** How to complete this task **
Copy, word for word, the lines below from the one containing "Bei MediaMarkt bekommt" up to and including the one containing "The system is", with pictures left out.

** Data for this exercise **
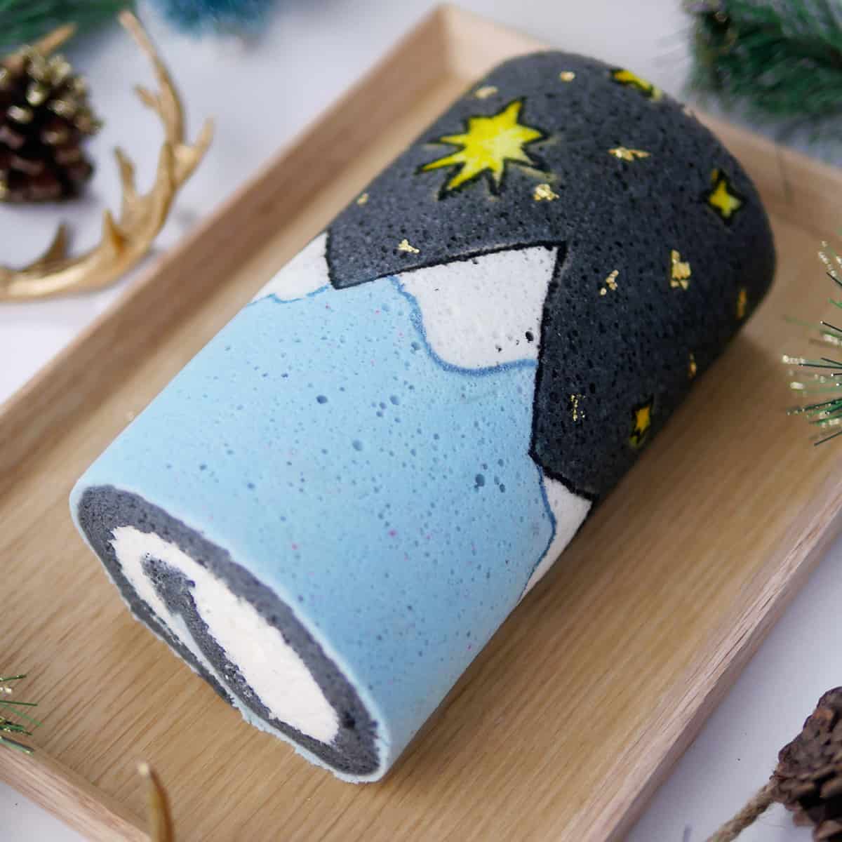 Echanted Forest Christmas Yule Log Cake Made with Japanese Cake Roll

---

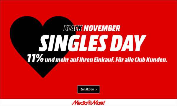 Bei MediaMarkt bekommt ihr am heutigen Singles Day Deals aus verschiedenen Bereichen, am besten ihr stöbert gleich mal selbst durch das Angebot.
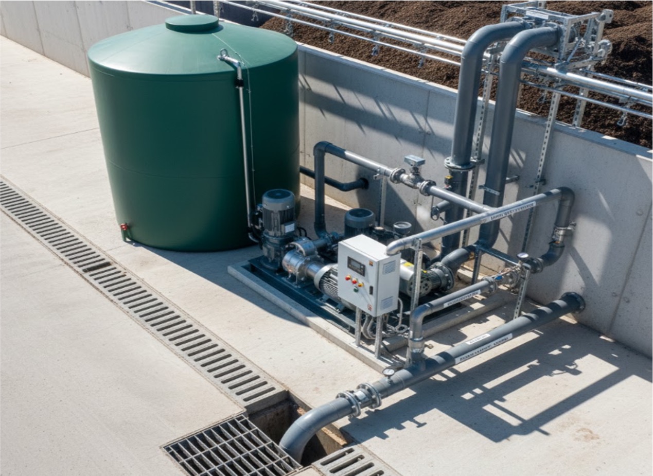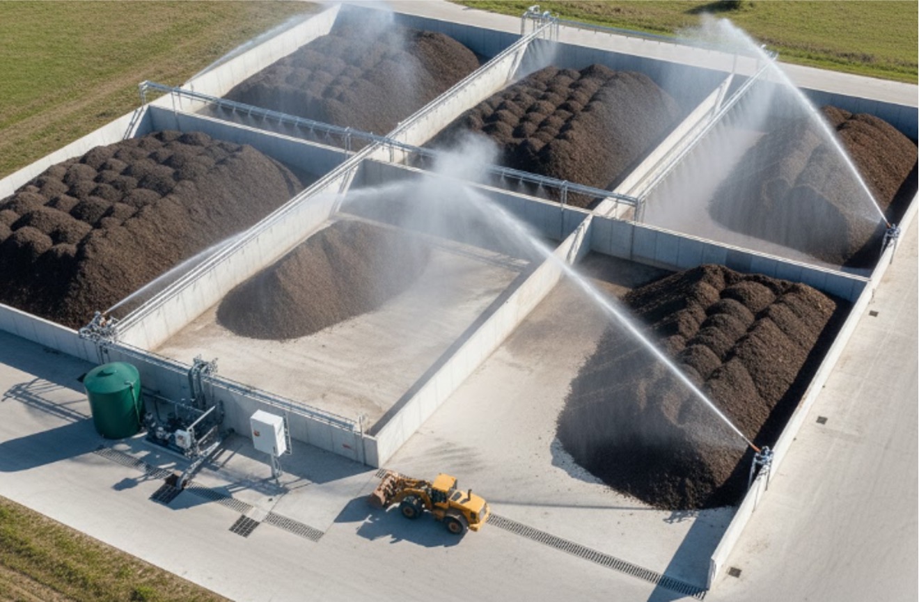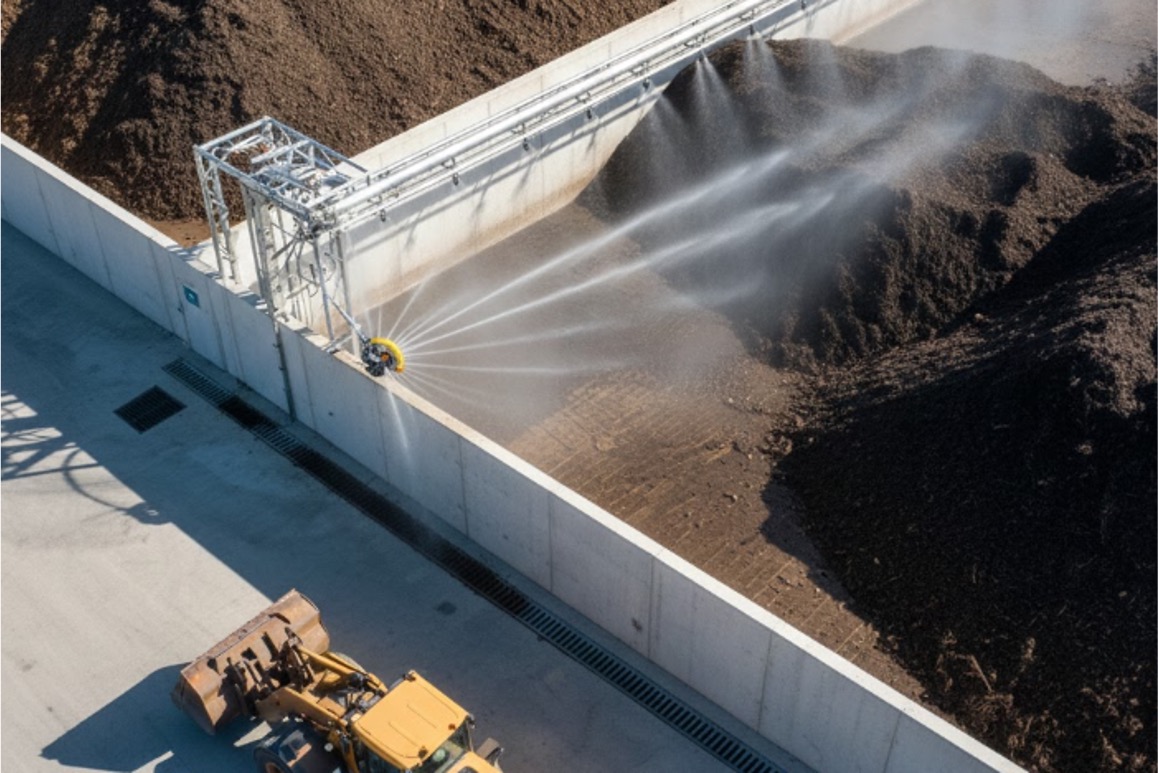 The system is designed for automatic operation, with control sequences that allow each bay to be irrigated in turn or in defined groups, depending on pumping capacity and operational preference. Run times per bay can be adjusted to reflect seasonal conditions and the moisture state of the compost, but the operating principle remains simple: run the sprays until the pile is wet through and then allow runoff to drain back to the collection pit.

** Task output **
 Bei MediaMarkt bekommt ihr am heutigen Singles Day Deals aus verschiedenen Bereichen, am besten ihr stöbert gleich mal selbst durch das Angebot.
 The system is designed for automatic operation, with control sequences that allow each bay to be irrigated in turn or in defined groups, depending on pumping capacity and operational preference. Run times per bay can be adjusted to reflect seasonal conditions and the moisture state of the compost, but the operating principle remains simple: run the sprays until the pile is wet through and then allow runoff to drain back to the collection pit.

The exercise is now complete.